··· GIVEN RECORDS ···
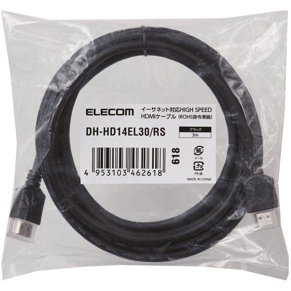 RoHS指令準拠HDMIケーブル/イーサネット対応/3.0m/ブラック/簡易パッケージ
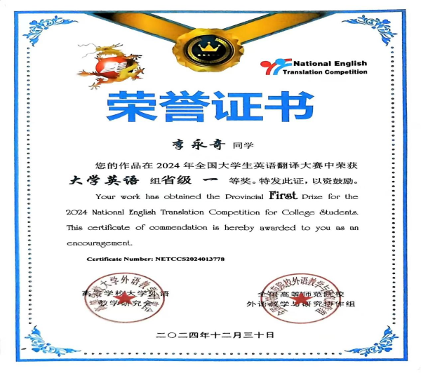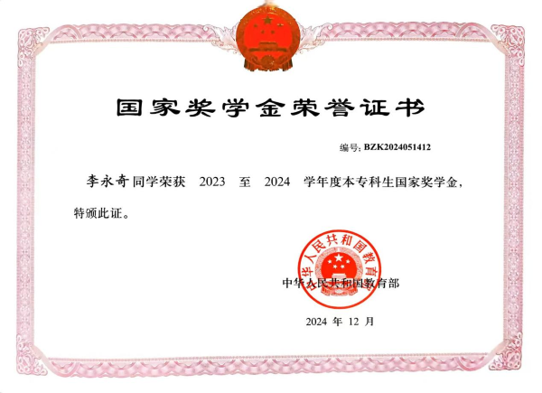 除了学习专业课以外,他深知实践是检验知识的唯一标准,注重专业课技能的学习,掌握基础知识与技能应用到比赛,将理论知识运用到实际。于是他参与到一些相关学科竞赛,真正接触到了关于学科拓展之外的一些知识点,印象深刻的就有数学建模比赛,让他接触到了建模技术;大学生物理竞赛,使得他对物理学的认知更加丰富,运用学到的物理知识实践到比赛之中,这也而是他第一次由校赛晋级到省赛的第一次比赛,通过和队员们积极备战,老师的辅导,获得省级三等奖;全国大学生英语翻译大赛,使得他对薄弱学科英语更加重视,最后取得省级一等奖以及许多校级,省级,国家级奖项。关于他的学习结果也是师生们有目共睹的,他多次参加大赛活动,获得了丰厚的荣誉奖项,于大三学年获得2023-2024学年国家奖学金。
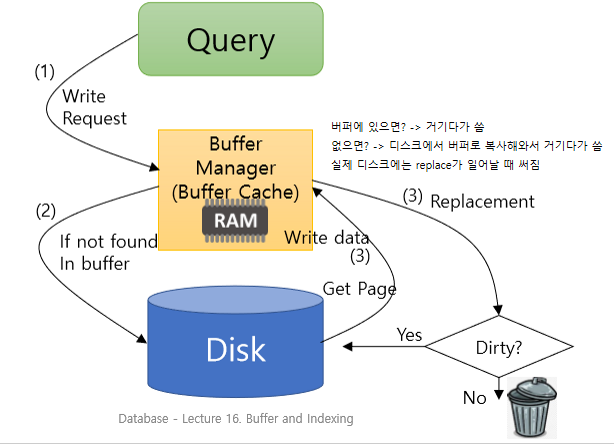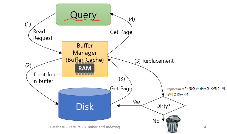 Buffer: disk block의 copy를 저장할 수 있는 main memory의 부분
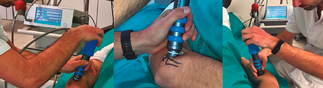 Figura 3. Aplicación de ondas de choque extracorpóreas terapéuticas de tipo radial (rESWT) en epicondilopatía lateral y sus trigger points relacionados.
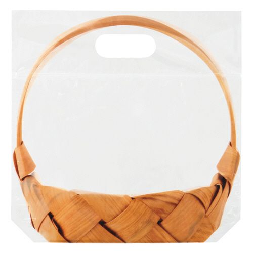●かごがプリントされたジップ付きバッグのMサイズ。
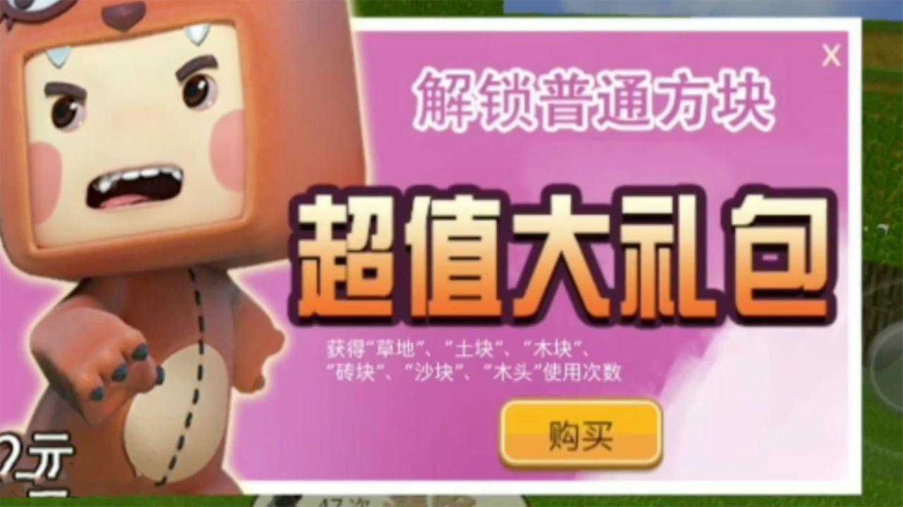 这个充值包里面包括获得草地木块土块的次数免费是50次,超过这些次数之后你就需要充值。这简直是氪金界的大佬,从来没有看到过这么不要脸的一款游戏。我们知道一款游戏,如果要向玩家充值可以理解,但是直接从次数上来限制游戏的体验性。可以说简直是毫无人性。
···
··· GIVEN RECORDS ···
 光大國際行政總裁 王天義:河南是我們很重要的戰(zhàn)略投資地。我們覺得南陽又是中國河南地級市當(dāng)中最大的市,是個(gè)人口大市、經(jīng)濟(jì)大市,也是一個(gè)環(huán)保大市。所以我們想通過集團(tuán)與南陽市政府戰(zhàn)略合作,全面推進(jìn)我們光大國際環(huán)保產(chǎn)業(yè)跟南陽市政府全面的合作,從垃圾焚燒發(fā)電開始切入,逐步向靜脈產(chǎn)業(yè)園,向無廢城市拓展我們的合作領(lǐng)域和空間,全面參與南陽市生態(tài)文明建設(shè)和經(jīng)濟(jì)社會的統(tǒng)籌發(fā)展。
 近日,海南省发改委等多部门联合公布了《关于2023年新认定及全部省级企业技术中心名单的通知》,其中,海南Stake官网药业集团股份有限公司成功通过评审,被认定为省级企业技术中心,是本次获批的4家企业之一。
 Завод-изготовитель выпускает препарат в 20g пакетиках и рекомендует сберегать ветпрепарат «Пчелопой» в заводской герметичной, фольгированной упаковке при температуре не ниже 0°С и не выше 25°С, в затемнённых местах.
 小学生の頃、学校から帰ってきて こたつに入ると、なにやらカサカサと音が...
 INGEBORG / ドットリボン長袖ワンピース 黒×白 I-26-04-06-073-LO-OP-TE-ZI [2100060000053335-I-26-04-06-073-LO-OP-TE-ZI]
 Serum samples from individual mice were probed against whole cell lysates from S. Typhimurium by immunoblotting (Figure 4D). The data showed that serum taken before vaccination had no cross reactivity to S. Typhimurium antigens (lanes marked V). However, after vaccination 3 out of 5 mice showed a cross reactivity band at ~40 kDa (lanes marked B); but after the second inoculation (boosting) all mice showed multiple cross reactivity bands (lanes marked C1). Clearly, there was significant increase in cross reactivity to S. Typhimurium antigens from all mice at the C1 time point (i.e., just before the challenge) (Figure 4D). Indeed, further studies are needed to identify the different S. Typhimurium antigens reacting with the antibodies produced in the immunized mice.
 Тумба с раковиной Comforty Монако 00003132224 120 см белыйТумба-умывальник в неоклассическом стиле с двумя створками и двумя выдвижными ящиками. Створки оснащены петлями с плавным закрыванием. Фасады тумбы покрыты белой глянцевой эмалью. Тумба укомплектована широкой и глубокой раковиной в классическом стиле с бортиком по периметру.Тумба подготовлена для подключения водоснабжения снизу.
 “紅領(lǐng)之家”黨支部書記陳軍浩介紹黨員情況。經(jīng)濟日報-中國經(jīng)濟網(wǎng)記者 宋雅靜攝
···
··· GIVEN RECORDS ···
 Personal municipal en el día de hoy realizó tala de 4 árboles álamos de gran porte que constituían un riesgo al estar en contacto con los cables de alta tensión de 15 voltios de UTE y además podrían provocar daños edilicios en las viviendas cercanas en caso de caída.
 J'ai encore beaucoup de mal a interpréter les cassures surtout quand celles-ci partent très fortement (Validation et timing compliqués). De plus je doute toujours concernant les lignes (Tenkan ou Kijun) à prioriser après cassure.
···
» **TASK GOAL**:
Could you please find every line of the listing above holding the string "lǐng" and copy it?

» **RESPONSE TO THIS TASK**:
 光大國際行政總裁 王天義:河南是我們很重要的戰(zhàn)略投資地。我們覺得南陽又是中國河南地級市當(dāng)中最大的市,是個(gè)人口大市、經(jīng)濟(jì)大市,也是一個(gè)環(huán)保大市。所以我們想通過集團(tuán)與南陽市政府戰(zhàn)略合作,全面推進(jìn)我們光大國際環(huán)保產(chǎn)業(yè)跟南陽市政府全面的合作,從垃圾焚燒發(fā)電開始切入,逐步向靜脈產(chǎn)業(yè)園,向無廢城市拓展我們的合作領(lǐng)域和空間,全面參與南陽市生態(tài)文明建設(shè)和經(jīng)濟(jì)社會的統(tǒng)籌發(fā)展。
 “紅領(lǐng)之家”黨支部書記陳軍浩介紹黨員情況。經(jīng)濟日報-中國經(jīng)濟網(wǎng)記者 宋雅靜攝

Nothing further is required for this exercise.